YOUR ASSIGNMENT >> Copy the listing below letter for letter, passing over each picture.

DATA BELOW >>
_____
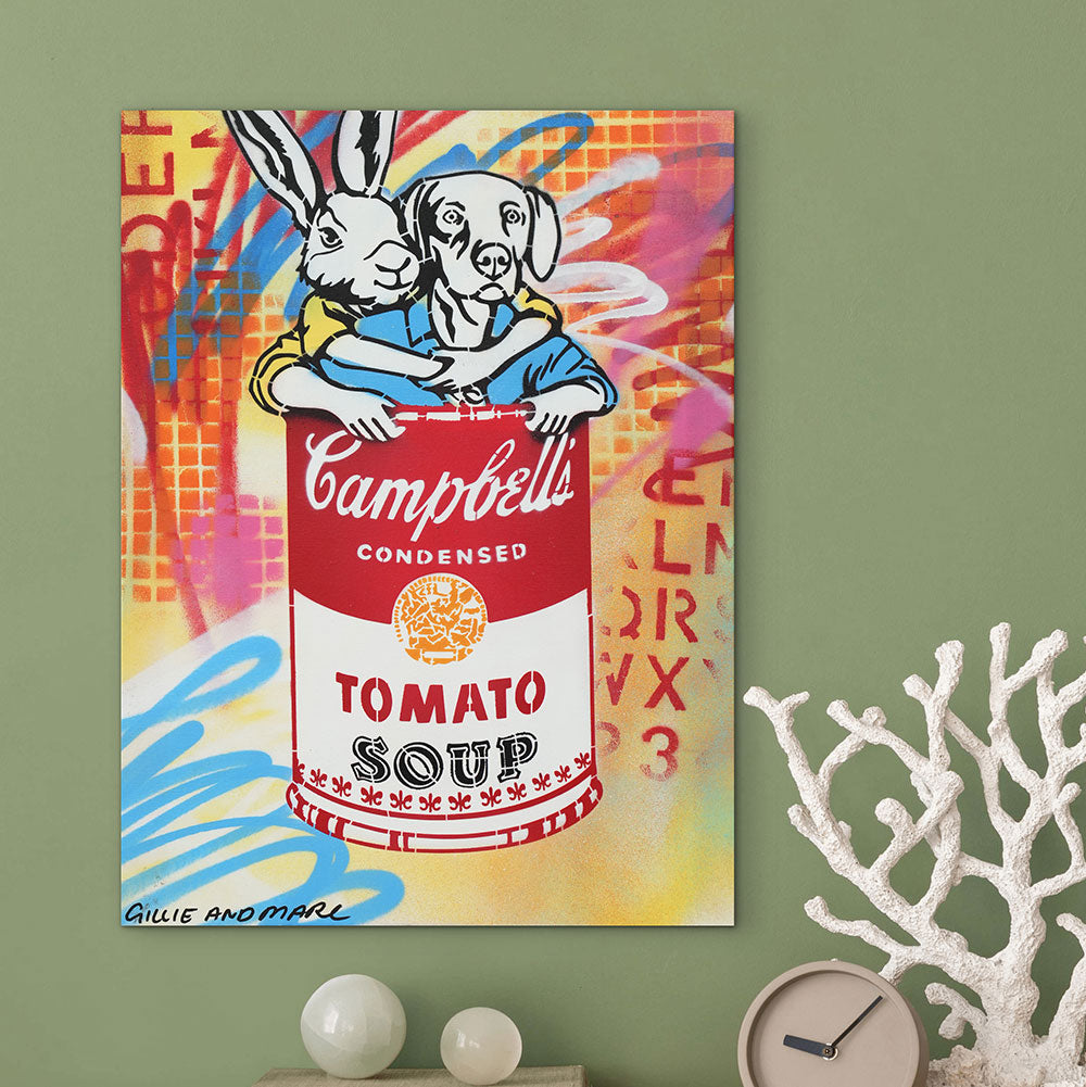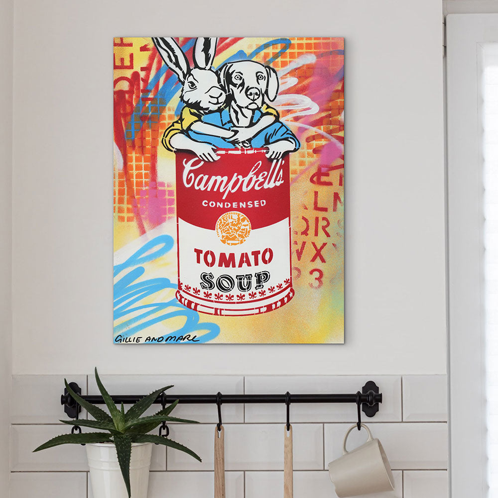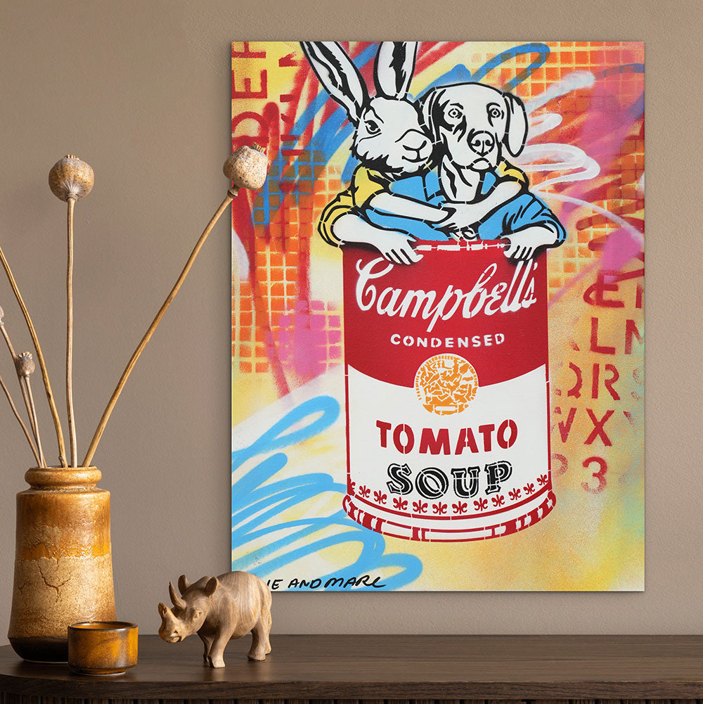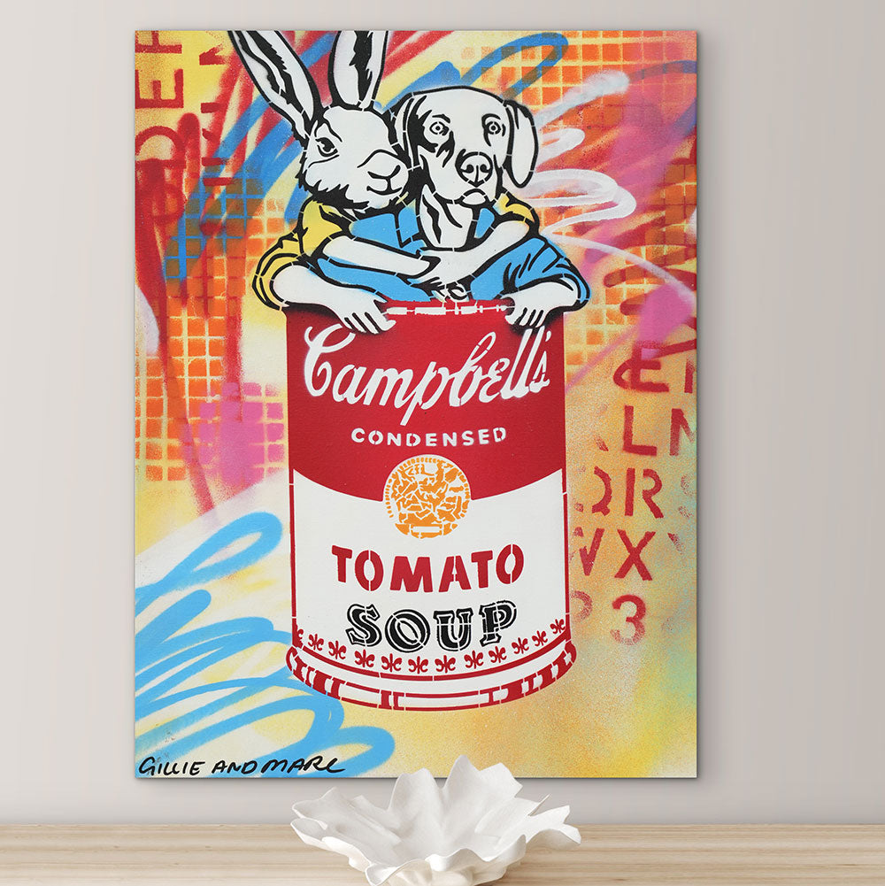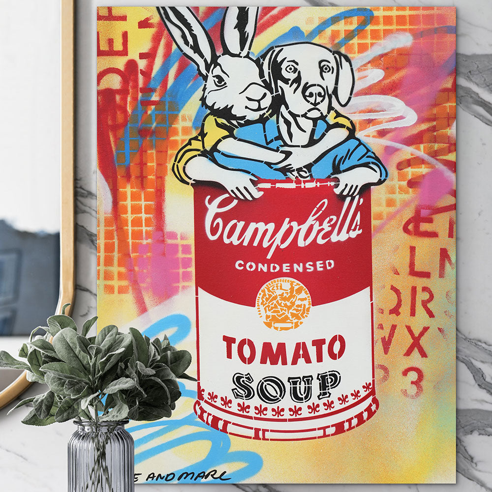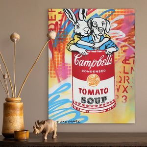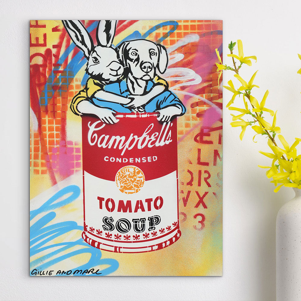 Description InOur Souls Remember, Rabbitwoman and Dogman embrace over the iconic Campbell’s soup can, merging contemporary pop art with themes of love and nostalgia. The familiar red-and-white label nods to Warhol’s legacy while transforming into a symbol of unity and shared memory. Surrounded by Gillie and Marc’s signature explosion of colour and stencil work, the duo remind us that love — like art — is timeless, comforting, and forever etched in the soul.
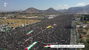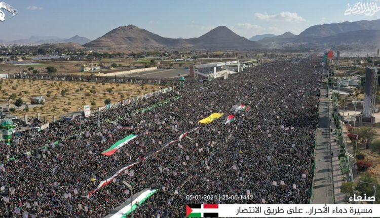 وأشار إلى أن هذا الجمع الكبير يعبر عن الوقوف والتضامن مع الأشقاء المظلومين والمحاصرين في غزة وفلسطين، وفي نفس الوقت يرسل رسالة واضحة لأعداء الله للإمبريالية العالمية والاستكبار العالمي ممثلا بأمريكا وبريطانيا وفرنسا ودول الكفر، وأضاف “نقول لهم إن ترهيبكم لن يثنينا عن موقفنا وقرارنا هذا، وعن مسيرتنا هذه، وإننا سنظل على هذا الدرب ثابتين وعليه سائرين، ولن يوقفنا شيء بإذن الله تعالى”.
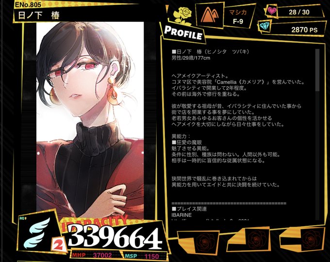 @ibr_wall タイミングを失っていたのでここで… 茨街ENo.805 日ノ下 椿でした。交流でお付き合い頂いた方、ひっそり追って下さった方、ありがとうございました。またね🌺
_____
FINISHED TASK >>
 Description InOur Souls Remember, Rabbitwoman and Dogman embrace over the iconic Campbell’s soup can, merging contemporary pop art with themes of love and nostalgia. The familiar red-and-white label nods to Warhol’s legacy while transforming into a symbol of unity and shared memory. Surrounded by Gillie and Marc’s signature explosion of colour and stencil work, the duo remind us that love — like art — is timeless, comforting, and forever etched in the soul.
 وأشار إلى أن هذا الجمع الكبير يعبر عن الوقوف والتضامن مع الأشقاء المظلومين والمحاصرين في غزة وفلسطين، وفي نفس الوقت يرسل رسالة واضحة لأعداء الله للإمبريالية العالمية والاستكبار العالمي ممثلا بأمريكا وبريطانيا وفرنسا ودول الكفر، وأضاف “نقول لهم إن ترهيبكم لن يثنينا عن موقفنا وقرارنا هذا، وعن مسيرتنا هذه، وإننا سنظل على هذا الدرب ثابتين وعليه سائرين، ولن يوقفنا شيء بإذن الله تعالى”.
 @ibr_wall タイミングを失っていたのでここで… 茨街ENo.805 日ノ下 椿でした。交流でお付き合い頂いた方、ひっそり追って下さった方、ありがとうございました。またね🌺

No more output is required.